To investigate the ability of chrysin to alleviate cardiac functions we evaluated its effect on hemodynamic and ventricular assessments. Isoproterenol administration resulted in significant (P < 0.001) hemodynamic impairment in rats as observed through significantly reduced SAP, DAP and MAP as compared to sham group (Figure 1a-c). Similarly, significant (P < 0.001) ventricular dysfunction was also observed as exhibited through decreased contractility (+LVdP/dtmax), relaxation (−LVdP/dtmax) and increased LVEDP (Figure 1d-f). Interestingly, chrysin (15–60 mg/kg) dose dependently abolished the detrimental effect of isoproterenol and improved hemodynamic and ventricular dysfunction as observed by significant (P < 0.01) improvement in arterial pressures, ±LVdP/dtmax and LVEDP, though the level of significance (P < 0.001) was found to be greater with the highest dose (60 mg/kg) as compared to other two doses (Figure 1a-f).
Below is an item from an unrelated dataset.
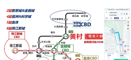 交通方面,嘉禧天和占据得天独厚的优势。家门口就是 21 号线与 4 号线的地铁黄村站,仅离项目 200 米,步行 3 分钟即可到达。通过地铁出行,可轻松通达广州全城,2 站至天河智慧城、2 站到金融城、4 站抵琶洲、4 站达科学城、5 站至鱼珠、6 站到珠江新城,便捷的交通网络让出行变得随心所欲。

No significant change in HR was observed in any of the groups (Figure 1g).
Figure 1

Effect of chrysin on hemodynamic parameters following isoproterenol-induced myocardial injury. (a) SAP: Systolic arterial pressure; (b) DAP: Diastolic arterial Pressure; (c) MAP: Mean arterial pressure; (d) + LVdP/dtmax: Maximal positive rate of left ventricular pressure; (e) -LVdP/dtmax: Maximal negative rate of left ventricular pressure; (f) LVEDP: Left ventricular end diastolic pressure and (g) HR: Heart rate. All values are expressed as mean ± S.D (n = 10/group).*P < 0.001 vs. sham and §P < 0.05, αP < 0.01, †P < 0.001 vs. ISO.
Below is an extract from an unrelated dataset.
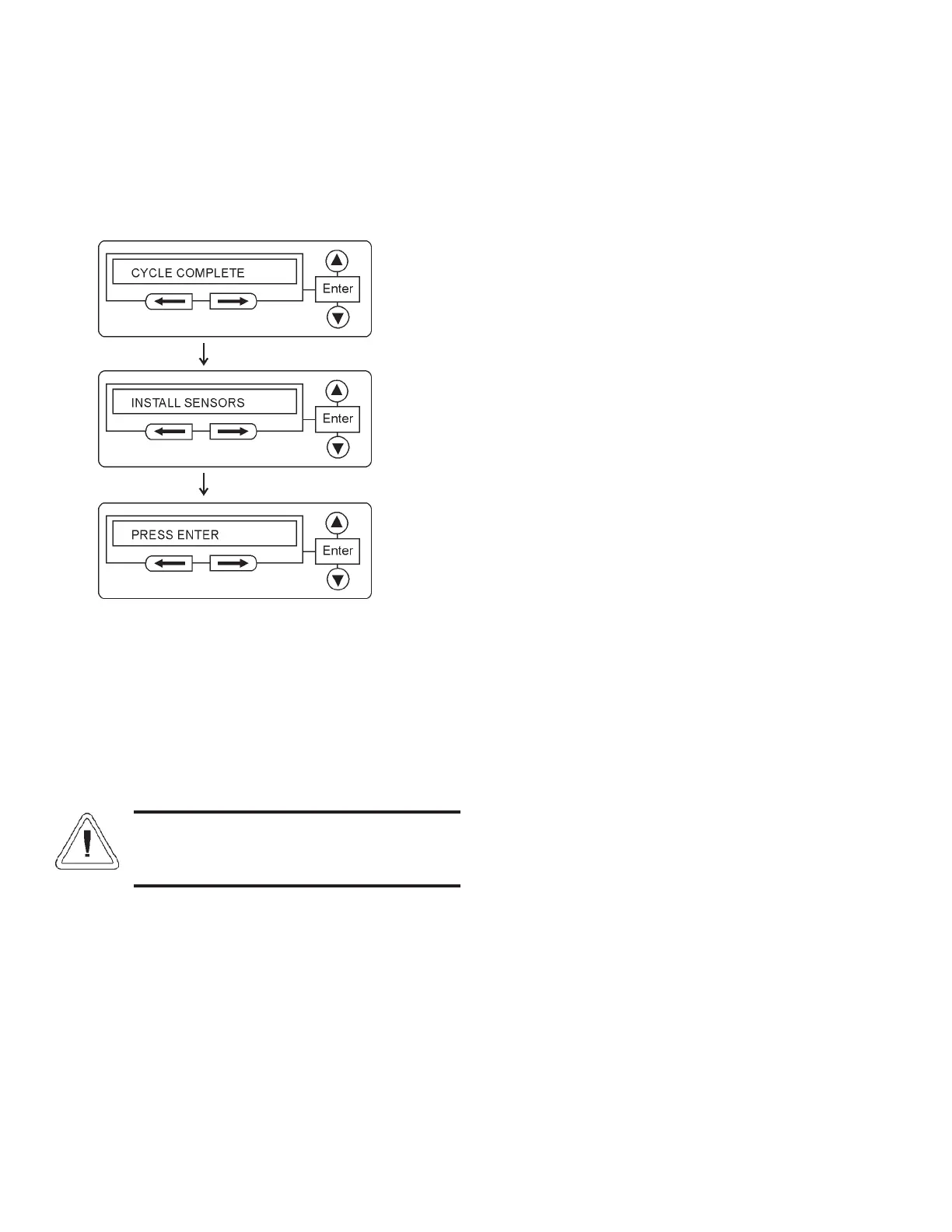 “CYCLE COMPLETE”, “INSTALL SENSORS”, and

Effect of chrysin on various biochemical parameters

To further analyze the cardioprotective effect of chrysin, we assayed various oxidant-antioxidant proteins (GSH level and GSHPx, SOD and CAT activities), cardiac injury markers (CK-MB and LDH levels), oxidative DNA damage marker (8-OHdG level), MDA, NO and TNF-α levels. Myocardial injury induced by isoproterenol led to significant (P < 0.001) decrease in GSHPx, SOD and CAT activities and GSH, LDH and NO levels with concomitant increase in TNF-α, 8-OHdG, MDA and CK-MB levels, thus further strengthening the evidence for oxidative and inflammatory damage due to isoproterenol. Rats fed with chrysin (15–60 mg/kg) dose dependently normalized the above mentioned biochemical parameters though the effect was most pronounced (P < 0.01) at 60 mg/kg as compared to other two doses (Figures 2a-f and 3a-d).
Figure 2

Effect of chrysin on anti-oxidant parameters and NO level following isoproterenol-induced myocardial injury. (a) GSH: Reduced glutathione; (b) MDA: Malondialdehyde; (c) SOD: Superoxide dismutase; (d) CAT: Catalase; (e) GSHPx: Glutathione peroxidase and (f) NO: Nitric oxide. All values are expressed as mean ± S.D (n = 6/group).*P < 0.001 vs. sham and §P < 0.05, αP < 0.01, †P < 0.001 vs. ISO.

Figure 3

Effect of chrysin on cardiac injury markers and 8-OHdG and TNF-α levels and TUNEL positivity following isoproterenol-induced myocardial injury. (a) LDH: Lactate dehydrogenase; (b) CK-MB: Creatine Kinase-MB; (c) 8-OHdG: 8-hydroxy-2-deoxyguanosine; (d) TNF-α: Tumor necrosis factor-α and (e) Quantification of cardiomyocyte TUNEL positive nuclei. All values are expressed as mean ± S.D (n = 6/group).*P < 0.001 vs. sham and §P < 0.05, αP < 0.01, †P < 0.001 vs. ISO.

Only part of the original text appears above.